Exercise objective: The reply should hold only the lines from the one with "Phiên ngày 21.1.2026, cổ" to the one with "- Made of absorbent", both ends kept, exactly as they appear below, without any pictures.

Excerpted records START

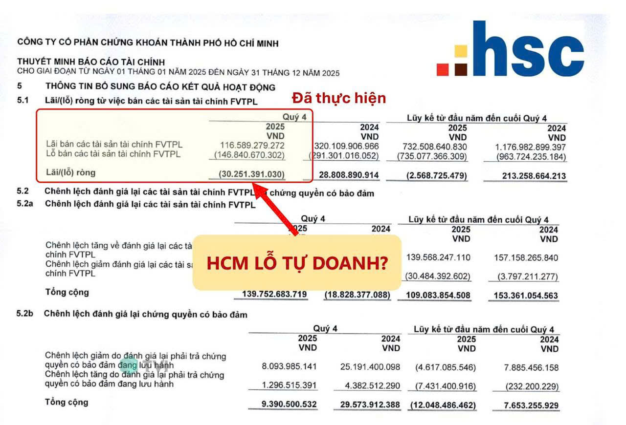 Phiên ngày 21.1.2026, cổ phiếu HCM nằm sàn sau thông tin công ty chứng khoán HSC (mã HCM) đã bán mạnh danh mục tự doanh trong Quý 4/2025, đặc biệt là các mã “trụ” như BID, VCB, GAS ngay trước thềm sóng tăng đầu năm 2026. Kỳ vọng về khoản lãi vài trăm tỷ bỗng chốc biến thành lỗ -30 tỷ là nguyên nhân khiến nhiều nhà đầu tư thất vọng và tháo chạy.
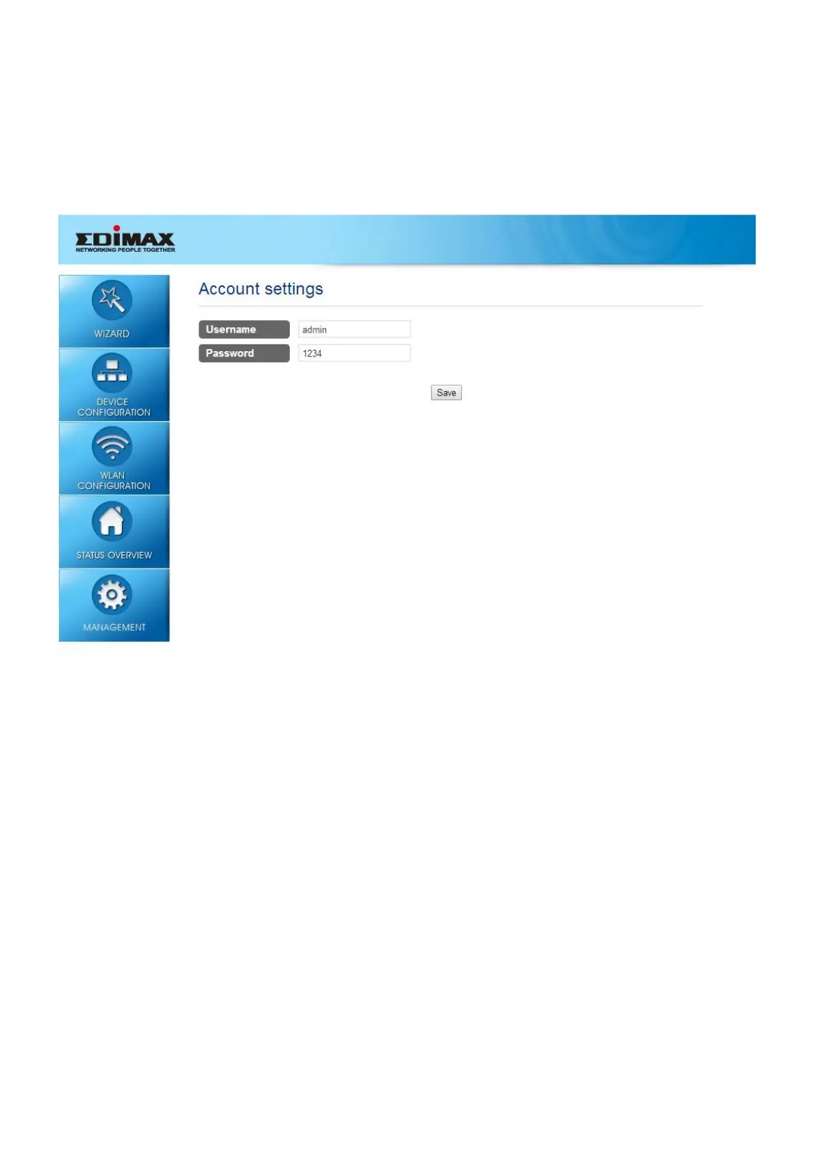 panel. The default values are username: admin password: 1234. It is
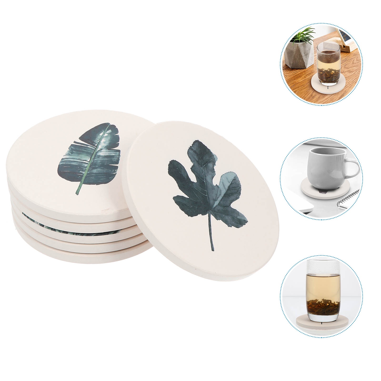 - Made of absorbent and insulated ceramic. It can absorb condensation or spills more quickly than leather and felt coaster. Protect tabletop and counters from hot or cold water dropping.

Excerpted records END
Excerpted records START

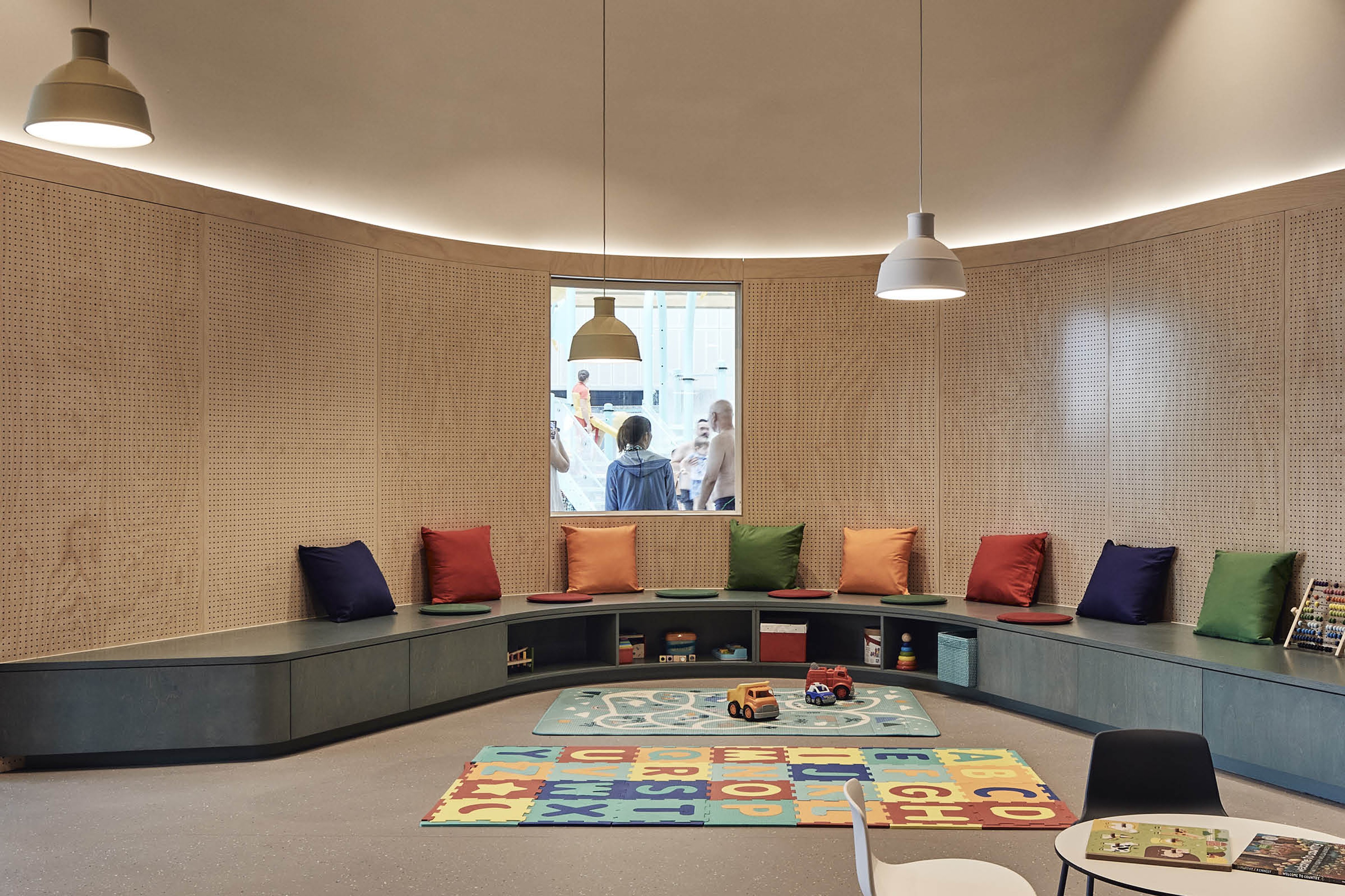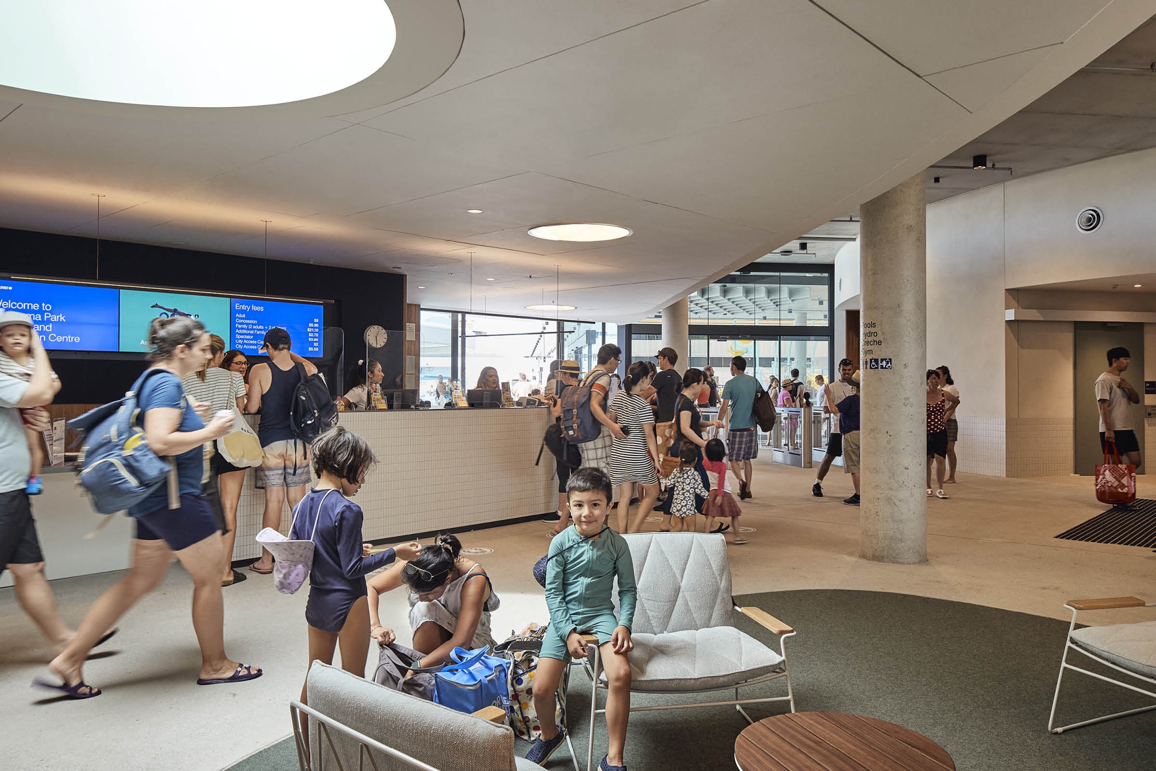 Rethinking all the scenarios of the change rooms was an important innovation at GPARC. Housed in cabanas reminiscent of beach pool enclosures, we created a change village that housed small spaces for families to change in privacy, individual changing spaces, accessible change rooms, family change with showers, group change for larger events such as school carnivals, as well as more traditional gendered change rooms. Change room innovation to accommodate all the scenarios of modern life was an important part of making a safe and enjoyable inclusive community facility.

Excerpted records END

Finished exercise:
 Phiên ngày 21.1.2026, cổ phiếu HCM nằm sàn sau thông tin công ty chứng khoán HSC (mã HCM) đã bán mạnh danh mục tự doanh trong Quý 4/2025, đặc biệt là các mã “trụ” như BID, VCB, GAS ngay trước thềm sóng tăng đầu năm 2026. Kỳ vọng về khoản lãi vài trăm tỷ bỗng chốc biến thành lỗ -30 tỷ là nguyên nhân khiến nhiều nhà đầu tư thất vọng và tháo chạy.
 panel. The default values are username: admin password: 1234. It is
 - Made of absorbent and insulated ceramic. It can absorb condensation or spills more quickly than leather and felt coaster. Protect tabletop and counters from hot or cold water dropping.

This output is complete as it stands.